С приятелем Маркку, историком родом из Хельсинки, некоторое время назад переехавшим в Брюссель и преподающим в Сорбонне, – еще один герой галереи иностранцев, оккупировавших Париж, – мы как-то заговорили о любви к Франции. И быстро сошлись на том, что дело вовсе не в перевоплощении скандинава в ведущего программы на радио «France Culture» или русского – в парижского крестьянина. Стать более французским французом, чем сами французы, – в конце концов, удел разведчика или мечта эмигранта. Маркку с юности зачитывался Бартом, стал продвигать в Финляндии семиотику, основал в университете Турку первую в стране кафедру семиотики, стал первым профессором семиотики, – после чего вдруг уехал в Бельгию, а затем во Францию. Ему было тесно жить в одной культуре, он искал для себя пограничное пространство, где можно говорить на разных языках, где можно жить на разные лады, где можно быть разным. Во Франции нам обоим не хочется во что бы то ни стало внедриться в первые ряды интеллектуалов, пробиться на передовую художественного фронта или познакомиться со всеми Бадью и Диди-Юберманами этого света, а потом поселиться на Сен-Жермен. Эта страна стала для нас собеседником на все случаи жизни, с которым, не испытывая неловкости, будто ты умничаешь о пустяках, можно обсуждать самые простые, заурядные вещи, чтобы не быть замкнутым в четырех стенах, но видеть мир с разных точек зрения во всей его полноте. Чтобы чувствовать себя как дома, не только дома в Петербурге или в Хельсинки, но и здесь, в Париже, который стал уже почти родным.

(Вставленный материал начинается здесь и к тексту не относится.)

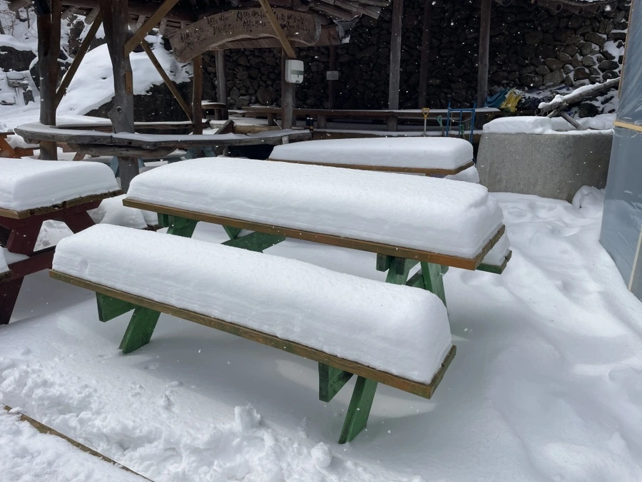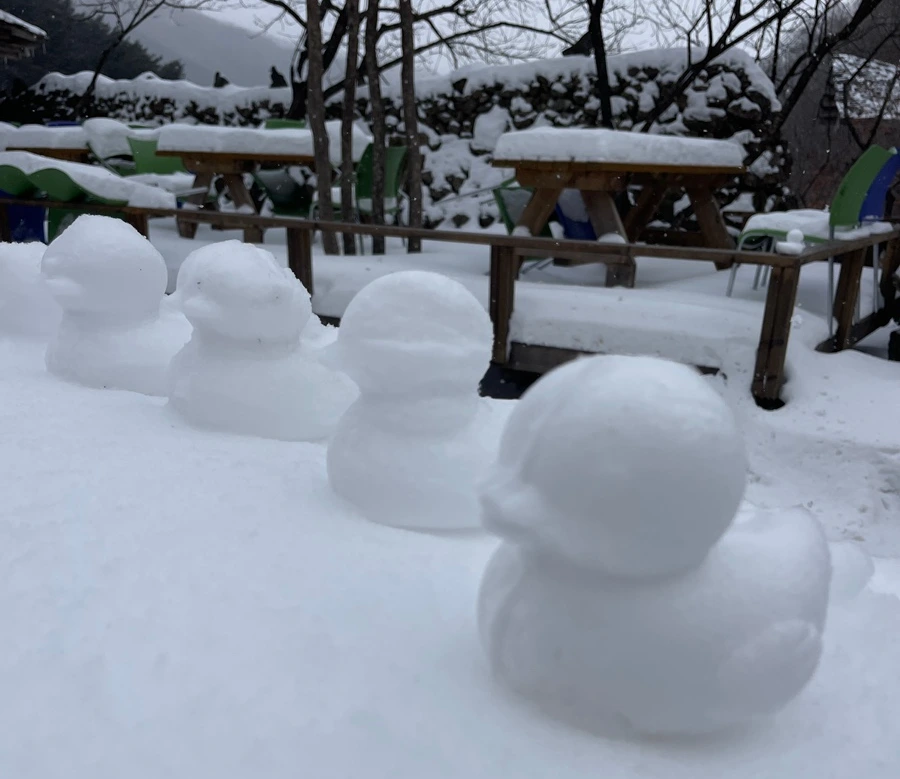 벤치에 눈이 쌓여 봉긋하게 솟아오른 눈을 보며 남편에게 외쳤다.
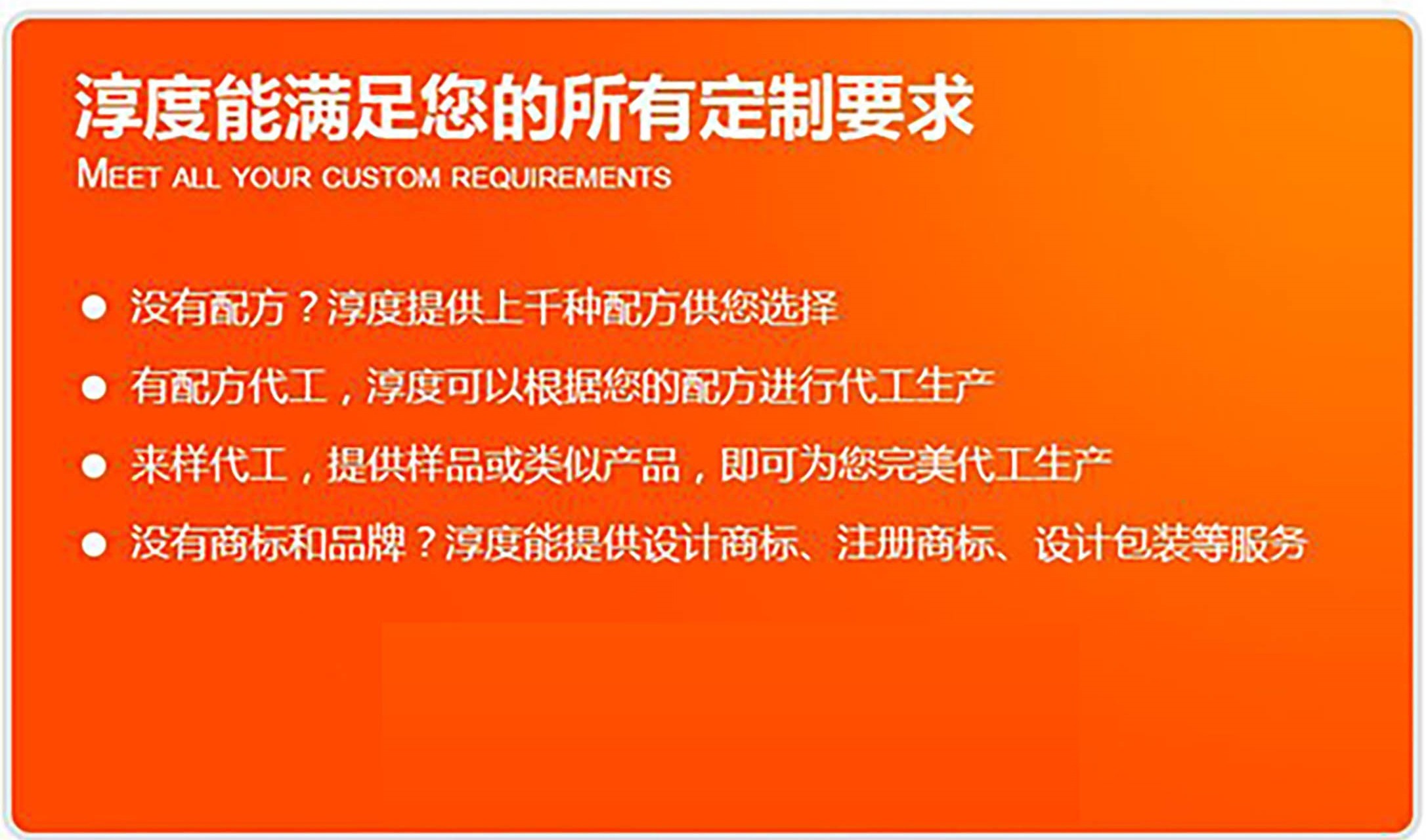 我公司是專業(yè)研發(fā)生產(chǎn)化妝品生產(chǎn)廠家,擁有2000多平米國(guó)家標(biāo)準(zhǔn)無(wú)菌生產(chǎn)車間,以生產(chǎn)藥品的標(biāo)準(zhǔn)生產(chǎn)化妝品面膜。是一家集醫(yī)療器械、膏 貼代加工 、 足貼代加工、退熱貼代加工、蒸汽眼罩貼牌生產(chǎn)、生物診斷試劑、高分子材料研發(fā)、醫(yī)療器械企業(yè)培訓(xùn)于一體的企業(yè)集團(tuán)。
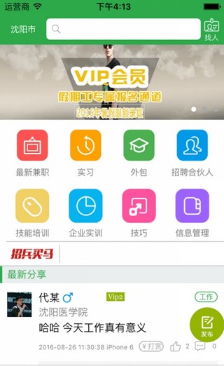 不仅仅是兼职,这是您的社会实践档案。免费、真实、高效。大学生人才数据的发起者。择优报名、择优录取,招聘方与求职者高效对接,全程管理,高效体验。
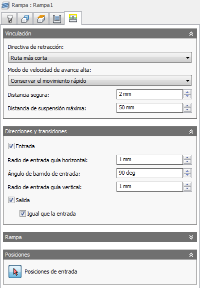 Radio del arco vertical que suaviza el movimiento de entrada a medida que avanza hasta la propia ruta de herramienta.

Париж стал для нас городом, который никогда не позволит пропустить самого главного, если не ставить перед собой цель успеть непременно на все последние премьеры и вернисажи. Мудро поступал великий художник, который приезжал сюда из небольшого городка в Провансе и, даже не повидавшись с друзьями, запирался в крошечной мастерской, чтобы день за днем рисовать яблоко. И он нарисовал яблоко именно в Париже так, что никто не мог поспорить с ним в умении передать на холсте саму природу. Он превзошел великого Шардена. Один его младший современник тоже любил парадоксы путешествий. Чтобы написать книгу об Африке, он отправился в тур на корабле вокруг континента, заперся в каюте и за всю поездку даже не посмотрел в иллюминатор. Какое там выйти на палубу! К концу путешествия «Африканские впечатления» были написаны.